Setelah AS dan Israel menggunakan kekuatan, Iran segera menguasai selat tersebut. Pelayaran nyaris berhenti total, harga energi global melonjak, mengganggu perdagangan global dan rantai pasokan, serta pada akhirnya memantul dan menghantam ekonomi AS. Pejabat pemerintahan Trump pada pertengahan Maret mengakui bahwa sebelumnya belum menyiapkan persiapan yang cukup untuk pemblokade selat. Senator Partai Demokrat, Chris Murphy, secara blak-blakan mengatakan bahwa pemerintahan Trump tidak memiliki rencana penanganan untuk hal ini, dan juga tidak tahu bagaimana memulihkan kelancaran jalur pelayaran.

AS memang tidak berdaya. Risiko mengawal kapal perang tinggi dan biayanya mahal; sekutu tidak berniat ikut serta. Sementara itu, operasi amfibi seperti merebut pulau berpotensi menyebabkan lebih banyak korban di pihak pasukan AS. Sebaliknya, Iran hanya perlu mengganggu kapal dagang tertentu untuk mencapai tujuan. Parlemen Iran baru-baru ini juga mengesahkan rencana pengelolaan selat, yang semakin memperjelas hak kendali pasukan bersenjata di bawahnya.

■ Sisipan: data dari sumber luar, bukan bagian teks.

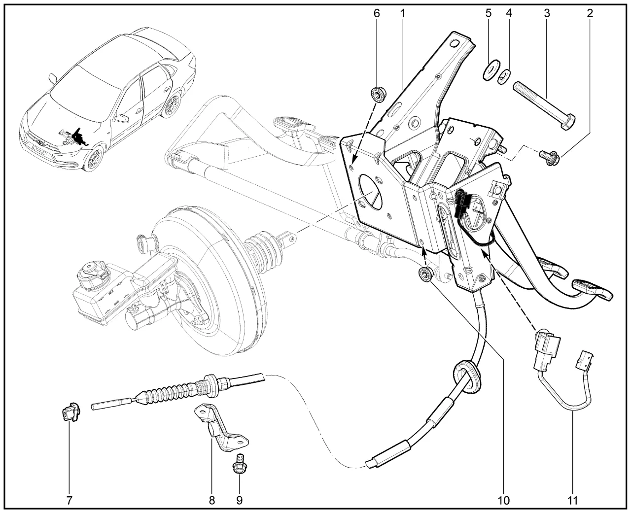 | 1 | Педали сцепления и тормоза с кронштейнами и тросом в сборе | 8450111639 | |

Penilaian intelijen AS belakangan ini menyebut bahwa Iran memandang Selat Hormuz sebagai “nilai tawar” kunci untuk menyeimbangkan AS, dan dalam waktu dekat tidak mungkin melonggarkan kendali atas jalur pelayaran energi ini. Trump beberapa waktu lalu dengan berat hati menyatakan bahwa meskipun selat berada dalam kondisi ditutup, pihak AS bersedia mengakhiri aksi militer terhadap Iran.

Selama bertahun-tahun, AS dan Israel memandang bahwa Iran “memiliki senjata nuklir” sebagai ancaman nomor satu. Majalah Time milik AS mengatakan bahwa setelah perang ini, Iran semakin sadar bahwa pengendalian Selat Hormuz adalah “opsi nuklir” yang sesungguhnya.

Kesalahan penilaian keempat: melebih-lebihkan dukungan domestik AS terhadap perang

Sejak Revolusi Islam Iran pada 1979 dan krisis penyanderaan sandera, rasa memusuhi Iran telah menjadi konsensus arus utama di masyarakat AS, dan lebih jauh lagi telah diinternalisasi menjadi identitas politik dari kalangan konservatif Partai Republik.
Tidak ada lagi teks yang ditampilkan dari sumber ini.